Indian tribe sovereignty

By Macomb Daily Editorial Board
The Macomb Daily
100 Macomb Daily Drive
Mount Clemens, MI 48043
PUBLISHED: December 6, 2004

The issue: A tribe is using its sovereignty to circumvent restrictions on building a hospital in Macomb County.

Our view: This time, expanding American Indian sovereignty has gone too far.

American Indian “sovereignty” is on the verge of being used to bypass state regulations on building new hospitals.

Whether those regulations are sensible is not the point in this case.

Rather, what amounts to a legal fiction is on the rampage in this country.

The latest scheme would use the so-called sovereignty of a 450-member, Utah tribe called the Goshute to circumvent state restrictions and facilitate the building of a 350-bed hospital in Macomb County. The site would be declared tribal property and placed in a federal trust.

Don’t think it can’t happen. New reservation land is popping up all over to accommodate American Indian-owned and operated gambling casinos. Why not hospitals?

For the past 20 years or so, various tribes have been opening casinos to the point that states whose voters had long since banned them changed their minds in self-defense. It happened in Michigan. The northern reservation casinos led to the Detroit casinos.

California has so many casinos now that the gaming gross is almost as large as that of Las Vegas.

This outrageous American Indian sovereignty business started in the 1960s when a federal judge ruled that Michigan tribes didn’t have to obey state commercial fishing regulations. The sovereign privilege had been granted in 19th century treaties, he ruled.

It didn’t take long for smart folks to realize this was a legal loophole you could drive a truck through.

To make matters even more bizarre, many tribes make little or no effort to determine whether members or would-be members actually are descended from American Indians.
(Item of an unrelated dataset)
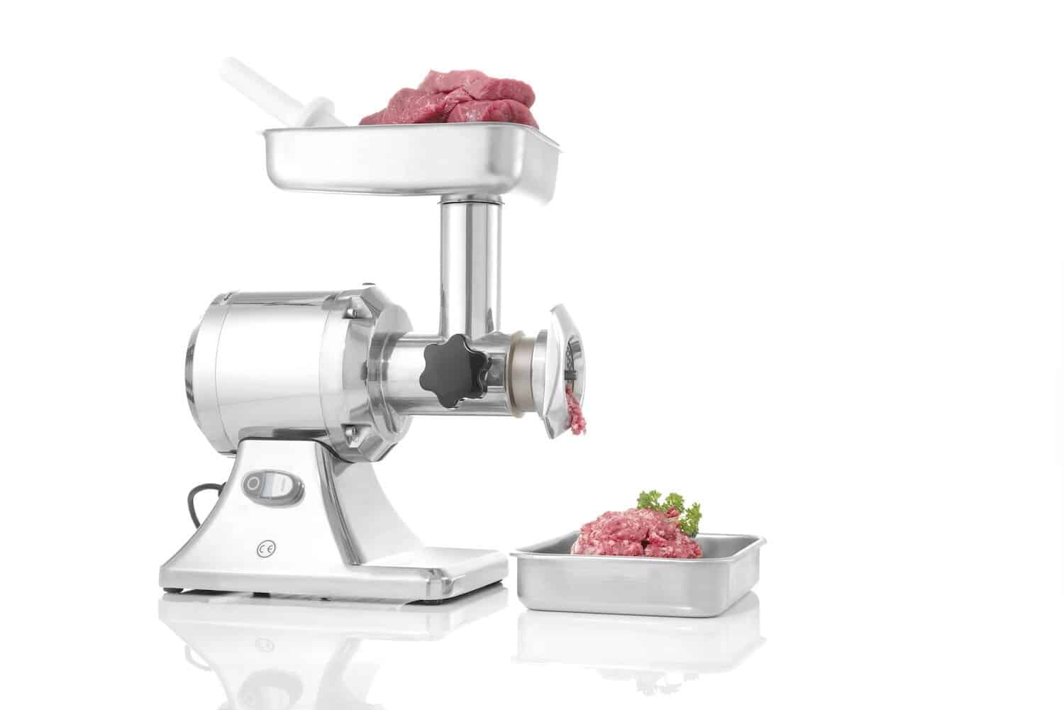 - Carcasă, pâlnie și tavă pentru carne din oțel inoxidabil
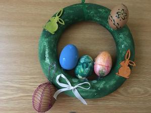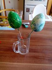 Kraslice - zkoušeli jsme mramorování lakem na nehty, ale moc se nepovedlo a nakonec polepeno samolepkami

Inevitably, a tribe here and there has been hijacked by outsiders who seize control and use the sovereign privileges for their own ends.

The Indian casinos essentially are self-regulating, which has led to instances of the involvement of organized crime and others who need to launder money.

Then there is the convenient fact that as members of a sovereign nation-within-a-nation, the Indians and their reservation enterprises don’t pay taxes. In Michigan, some have made voluntary payments to local governments, which apparently are contingent on not having any non-Indian competition.

And new tribes have been formed or discovered. President Bush has felt compelled to put a stop to this sort of expansion.

Of course, there can be a political price to pay for getting in the way of this lucrative charade. The tribes consider themselves beyond the reach of U.S. laws, including those banning financial contributions to the electoral process by foreigners. They have donated some $150 million so far and are becoming a major special interest group. And their sovereignty doesn’t stop them from voting.

Anyone who suggests all of this is absurd can be subject to accusations of racism and of making personal attacks on American Indians.

How long will we let the various tribes, when it suits their purposes, act like this?